Immunity from external volatility is benefiting Chinese lenders as investors rush to safety amid a spiraling global banking crisis.
(Bloomberg) — Immunity from external volatility is benefiting Chinese lenders as investors rush to safety amid a spiraling global banking crisis.
The CSI 300 Financials Index has gained about 0.3% so far this week, beating a more than 3% decline in an index of regional counterparts, while a gauge of US lenders has lost 12%. Gains in state-owned lenders have stood out, with shares of Bank of China Ltd. in Shanghai rising for a fourth day on Thursday, reaching their highest level since July 2020.
Analysts point to state-owned lenders’ relatively stable asset quality and strong government support for their outperformance. That has cushioned mounting worries about stress in the global banking system given Credit Suisse Group AG’s troubles and the sudden collapse of Silicon Valley Bank.
“State-owned enterprises are by definition backed by the state and too big to fail,” said Marvin Chen, an analyst at Bloomberg Intelligence. “China has much more direct oversight and ownership of the financial system,” which should support the banking sector in case of any spillover risks, he added.
The People’s Bank of China on Wednesday vowed to prevent systemic financial risks and ensure prudent operations.
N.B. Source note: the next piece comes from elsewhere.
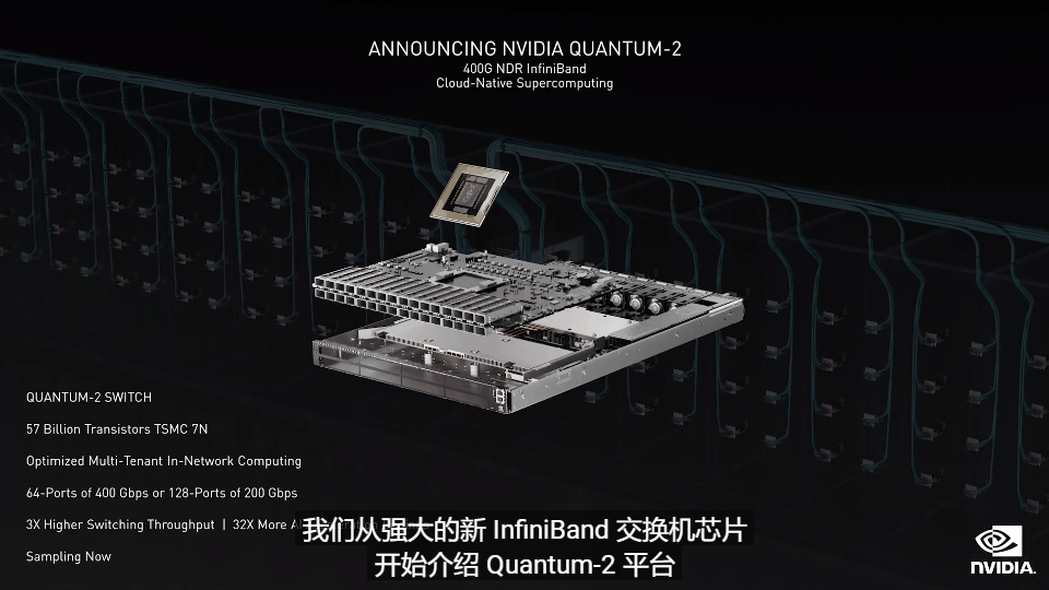 Quantum-2平台的核心是新的Quantum-2 InfiniBand交换机。它搭载570亿个晶体管,比拥有540亿个晶体管的NVIDIA A100 GPU略大。

Authorities’ crackdown on shadow banking in recent years, as well as the nation’s overhaul of its financial regulatory framework, have helped mitigate potential risks in the banking system, the official Securities Times touted in an article.
A low correlation to the global rate environment and limited sovereign exposures are helping shelter Chinese banks from the brewing storm, according to HSBC Holdings Plc analysts including Gary Lam. “As global investors seek safety, large state-owned banks could become the preferred choice due to their track record as stable dividend payers with 8%-9% yields,” they wrote in a Tuesday note.
As China extends its accommodative monetary policy, there are hopes of further required reserve ratio cuts which would “allow banks to expand lending and ease liquidity conditions after the banking sector stress seen in developed markets,” said Bloomberg Intelligence’s Chen.